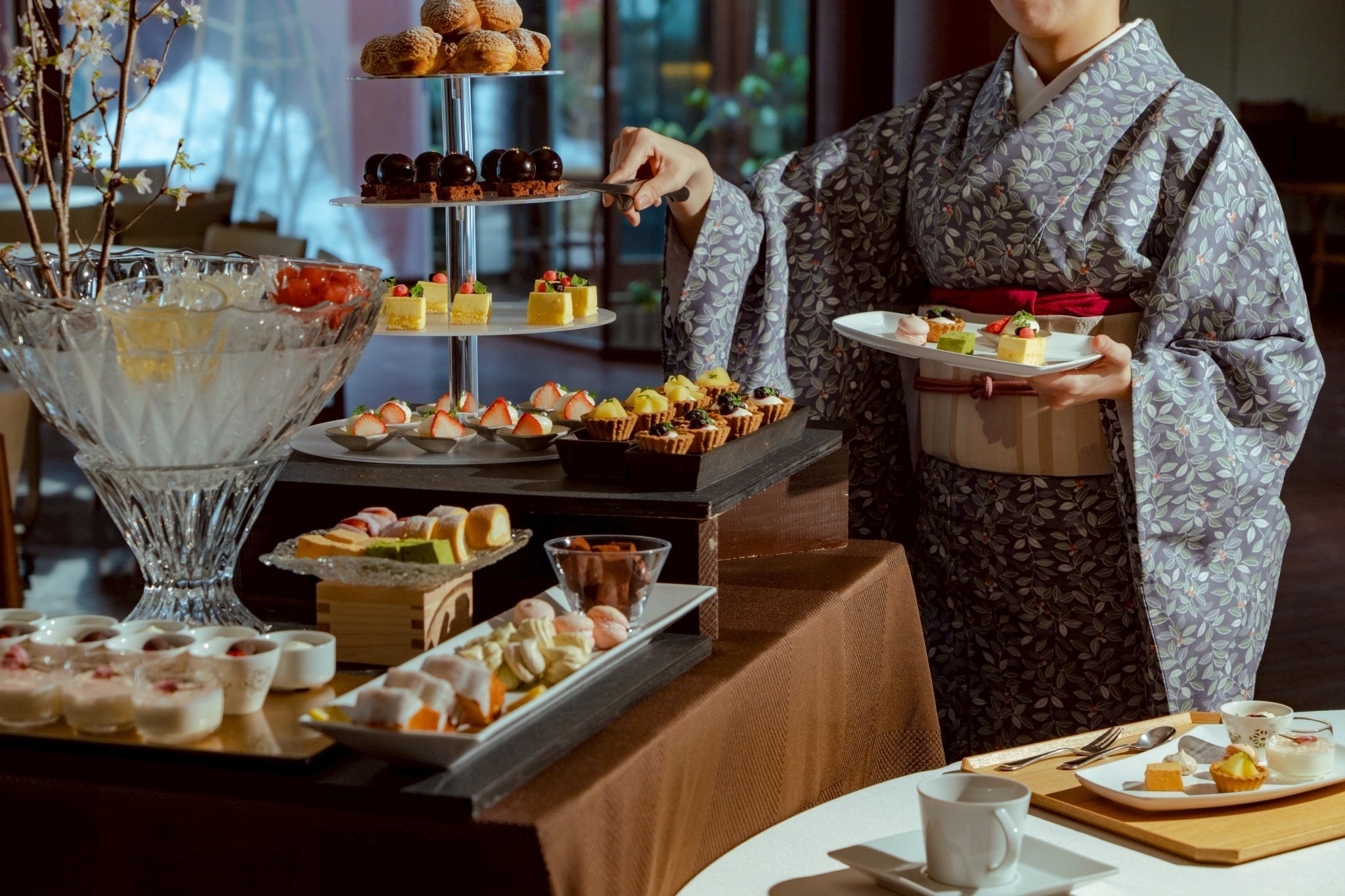 春の日差しが差し込む食事会場では、プロの奏者が季節の楽曲を琴で生演奏します。桜が咲く日本庭園の景観と、優雅な音色が日本ならではの「春」を演出します。
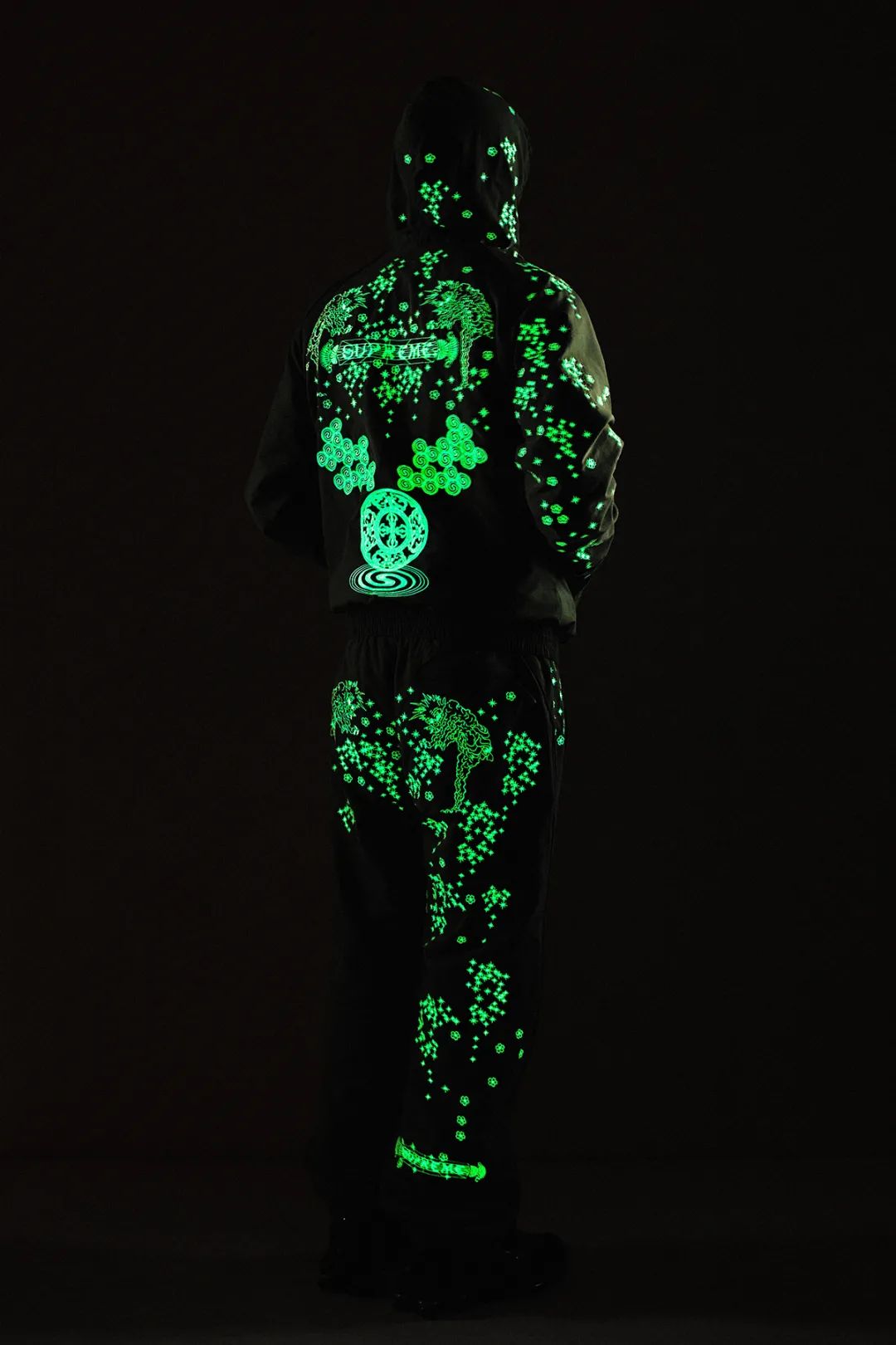 与艺术家 AOI 合作推出的服饰,最大的亮点在于暗藏大面积夜光属性,视觉效果相当独特。
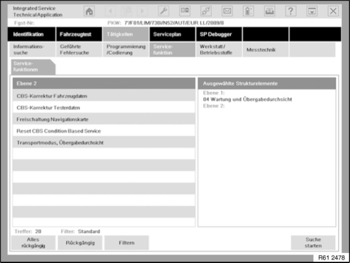 The service function "CBS vehicle data correction" is available if resetting has been carried out unintentionally. Thus the availability of a maintenance operation can be corrected to a value which corresponds more closely to the actual situation.
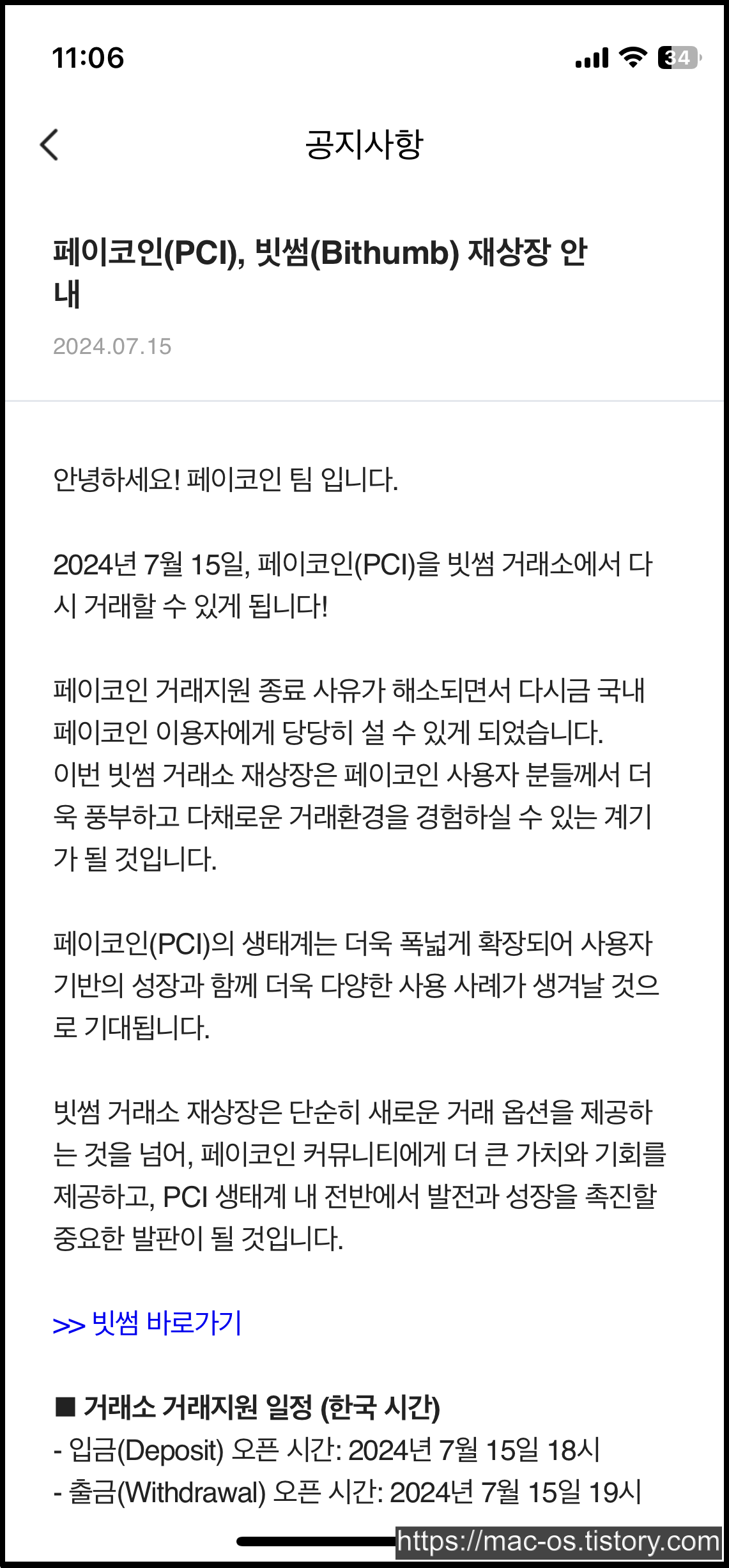 7월 15일에 페이코인이 빗썸에 재상장되었고

● AIM OF THE TASK: Set out nothing but the lines from the line with "The service function" through the end of the material, reproduced exactly, both ends included, pictures omitted.

● EXERCISE SOLUTION:
 The service function "CBS vehicle data correction" is available if resetting has been carried out unintentionally. Thus the availability of a maintenance operation can be corrected to a value which corresponds more closely to the actual situation.
 7월 15일에 페이코인이 빗썸에 재상장되었고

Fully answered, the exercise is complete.